Last month, the SEC released a statement during Kraken crypto exchange’s regulatory settlement, indicating that staking-as-a-service providers must register and disclose full details to investors. However, Grewal believes this statement does not apply to any staking services apart from those already offered by Kraken.
Grewal explained that core staking services fail every prong of the Howey test, which determines whether an investment is a security. He added that staking rewards are service fees determined by the protocol paid to the asset owner as compensation, not profits.
Then, he took to Twitter with a mega-thread regarding Coinbase’s stance against SEC’s perspective on software services.
In one of the posts, he said,
“Core staking services are not an offering of securities; they’re just software services. Paying someone a fee to take a chore off your hands doesn’t make something a securities transaction.”
While the SEC has the power to enforce rules on staking-as-a-service providers, Grewal suggests other approaches than leading with enforcement.
This move by Coinbase’s Chief Legal Officer is a significant stride in the ongoing debate about cryptocurrency regulation and its services. Coinbase and other staking-as-a-service providers will be closely monitoring the SEC’s response to Grewal’s remarks.
Coinbase CLO’s Explanation in a Nutshell
Paul Grewal confidently explained how none of the services are considered securities. According to him, core staking services “fail every single prong of the Howey test.”
The Howey test is used to determine whether an asset is a security or not.
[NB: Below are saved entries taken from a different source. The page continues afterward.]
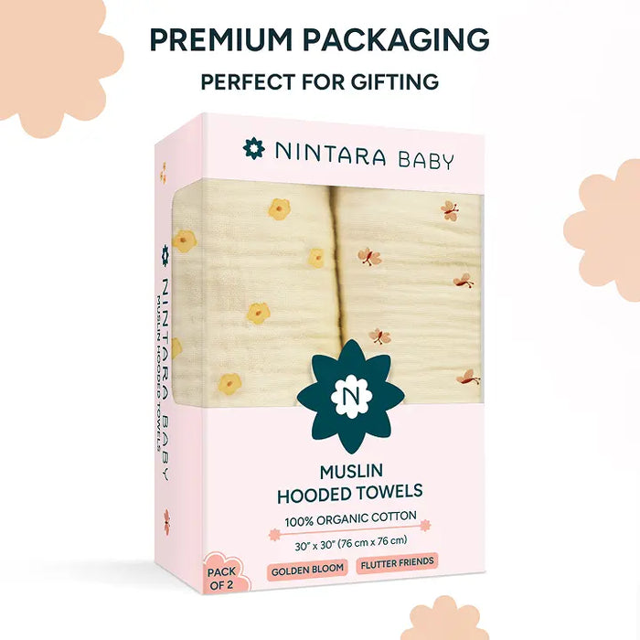 Our Golden Bloom + Flutter Friends Set (Set of 2) hooded towels are dutifully designed to solve common bath-time problems and make it a soothing and enjoyable experience.
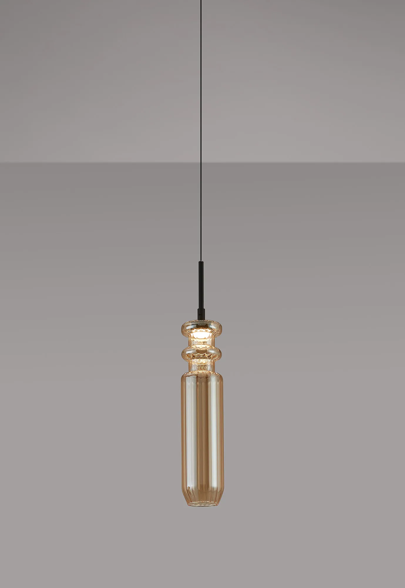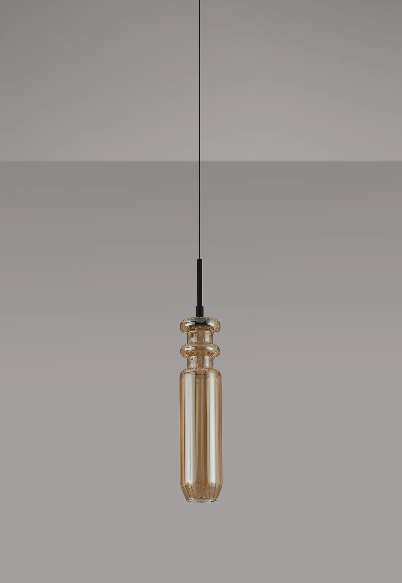 Paris Style AF Satin Black/Amber, 36cm Ribbed Glass, 4W LED, 3000K, 730lm, 5m Assembly Pendant With A DC Plug
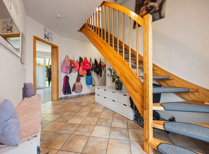 Dieses Zuhause verbindet planbare Wege, funktionale Räume und warme Wohnatmosphäre, genau die Mischung, die Familien und werdende Familien sich wünschen.
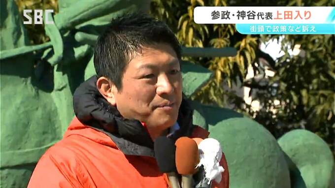 8日に投開票される衆院選に向けて、参政党の神谷宗幣代表が上田市に入り、公約や政策などを訴えました。
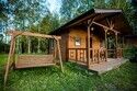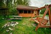 На улице — зона отдыха с мангалом, очагом для костра, столом и деревянными качелями.
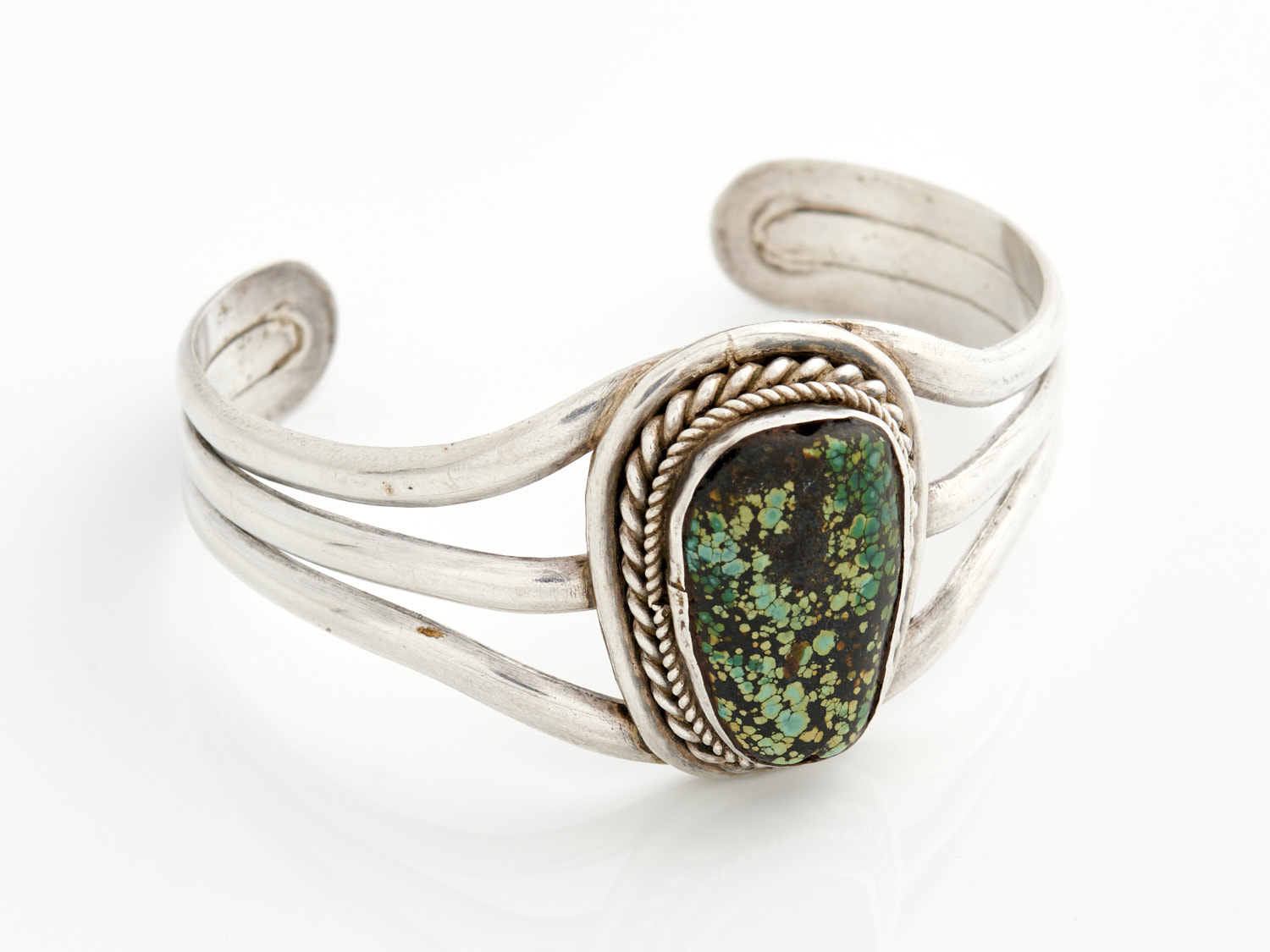 A TURQUOISE CUFF BANGLE IN STERLING SILVER, 62MM DIAMETER
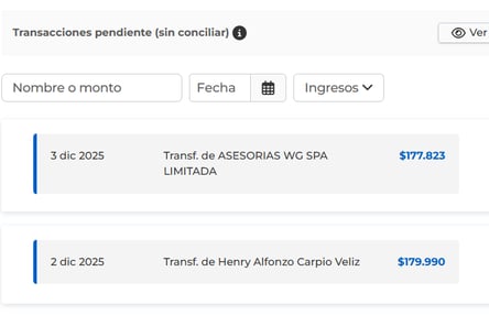 En el lado izquierdo visualizarás el monto de la cuenta bancaria, y en el lado derecho podrás ver cómo se encuentran asociadas las distintas transacciones.
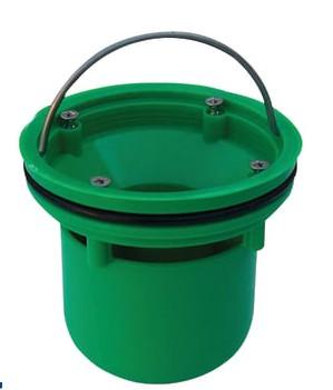 Grøn plast indbygningsvandlås til uskiftning i gamle - både plast og rustfri - eksisterende afløbsskåle på 75 eller 110mm.
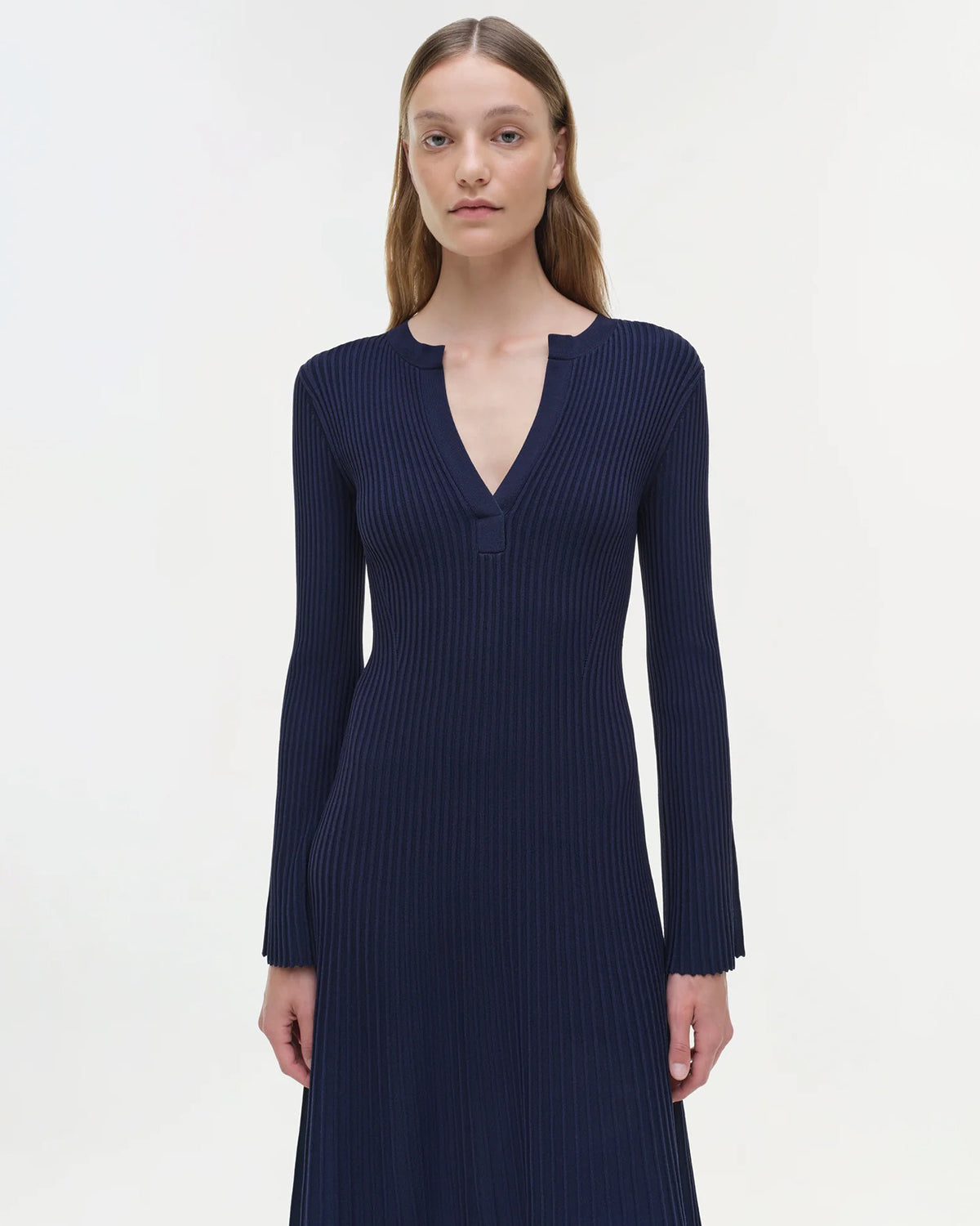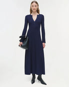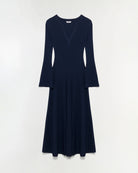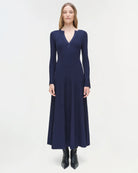 A midi dress in luxurious matte knit that artfully drapes the form. V-neckline, cinched waist, and long bell sleeves.
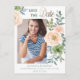 Élégant script moderne lycée ou collégial faire-part photo carte postale avec fleurs d'aquarelle rose vif et verdure. Personnalisez avec votre photo et votre texte.
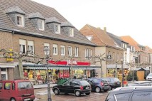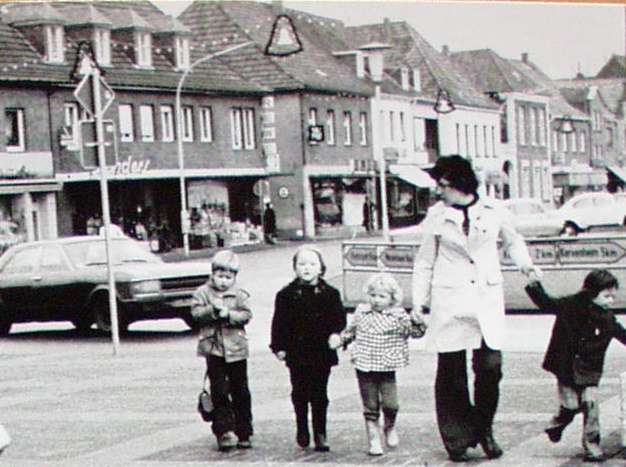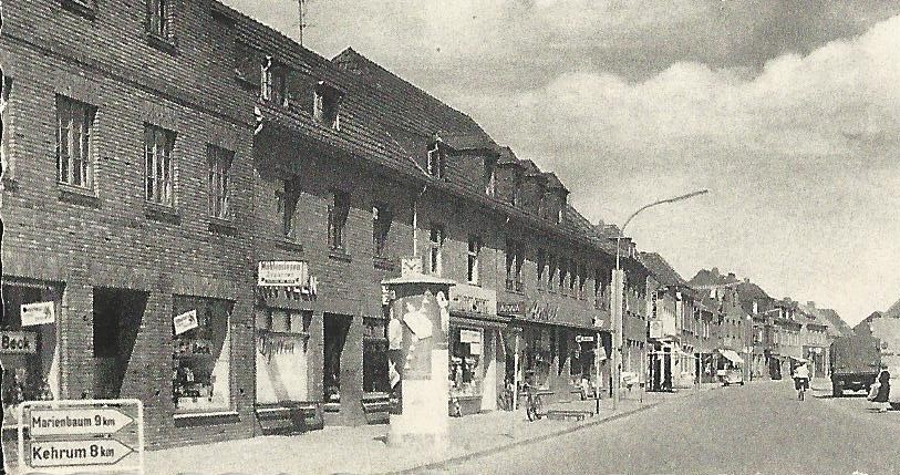 1957 - Standortwechsel vom heutigen Marktpaltz gegenüber an den neuen Standort Mühlenstraße 4 - links Bekleidungsgeschäft Anders - rechts Lebensmittelgeschäft Joh. Schallberger vorm. Claahsen & Meyer

It requires that there be an investment of money and risk, a common enterprise among all investors, and an expectation of profit from the managerial or entrepreneurial efforts of others.
Grewal argued that when users engage in core staking services, they are simply staking their own assets and are not investing in any common venture with other investors. There is no financial risk involved as users retain ownership of their staked assets regardless of the performance of the service provider.
Furthermore, any rewards earned for providing these services are equivalent to service fees paid to asset owners as compensation rather than profit. Lastly, as core staking services merely provide software services with no managerial or entrepreneurial efforts involved, they cannot be classified as securities investments.
He believes none of these activities constitute a securities offering and has stated that it will continue to defend customers’ rights to leverage core staking without having it classified as investing in securities.